Atravesé tres rellanos y llegué a un vestíbulo. Aquél sería el nivel del antiguo tejado. Traté de recordar dónde aparecía la escalera en la réplica que teníamos en Cero Cero. Divisé una pequeña puerta en un hueco. Pensé que allí estaría.

De una habitación del otro lado del vestíbulo salió un hombre y miró en mi dirección. Me froté la boca pensativamente mientras me encaminaba a la pequeña puerta: en aquel momento el parecido era más un obstáculo que una ventaja. El hombre siguió su camino y yo intenté abrir la puerta. Estaba cerrada con llave, pero no parecía muy resistente. Apoyé la cadera y empujé. Cedió casi silenciosamente. Allí estaban las escaleras. Empecé a descender.

No tenía ningún plan, salvo salir al aire libre. Era evidente que mi imitación era un rotundo fracaso. Todo lo que podía hacer era llegar a un lugar seguro y pedir instrucciones.

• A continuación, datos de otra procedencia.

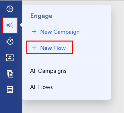 MoEngage Flows is a series of Cross-channel (across the channels such as Email, Push, SMS, and so on) Lifecycle campaigns that will be sent to your customers based on their actions or in-actions on your app or website. To create a flow, perform the following steps:- On the sidebar menu in MoEngage, hover over the Engage menu item

Había bajado dos pisos cuando oí el timbre de alarma.

Sentí un escalofrío. Tenía que librarme del llamativo uniforme. Me quité la chaqueta y me dediqué a arrancar el galón de las muñecas y a sacarme las hombreras. No podía suprimir el galón de las solapas: en él estaba entretejido el micrófono. Nada más podía hacer para cambiar mi aspecto.

Probablemente aquella escalera en desuso era una vía de salida como cualquier otra. Seguí avanzando. Probé las puertas de cada piso. Todas estaban cerradas con llave. Buena señal, pensé. La escalera concluía en un callejón sin salida lleno de toneles y mohosas cajas de cartón. Volví a subir al primer rellano y presté atención. Al otro lado de la puerta escuché voces altas y estruendo de pisadas. Recordé que la puerta de la escalera estaba cerca de la entrada principal de la antigua mansión. Parecía que estaba atrapado.

Volví a bajar y corrí uno de los toneles a un costado. Observé la pared y descubrí el borde del marco de una puerta. Cambié de lugar otro tonel y encontré el pomo. Estaba atascado. Me pregunté cuánto ruido podría hacer sin que me oyeran. Decidí que no demasiado.

Necesitaba algo para hacer palanca. Las cajas de cartón parecían ofrecer una posibilidad; arranqué las solapas de una de ellas y analicé el contenido. Estaba llena de mohosos libros de contabilidad: no me servían para nada.

En la siguiente tuve más suerte: antigua platería, ollas y cacerolas. Encontré una pesada cuchilla de carnicero y deslicé la hoja en la rendija de la puerta, que resultó tan sólida como una caja fuerte. Volví a intentarlo. Me parecía imposible que fuera tan resistente, pero no logré moverla.

Di un paso atrás. Tal vez lo único inteligente fuera olvidar toda precaución y atravesarla de un empujón. Me apoyé para buscar el punto menos resistente y… retrocedí, apretándome contra la pared, con la pistola en la mano: el pomo de la puerta estaba girando.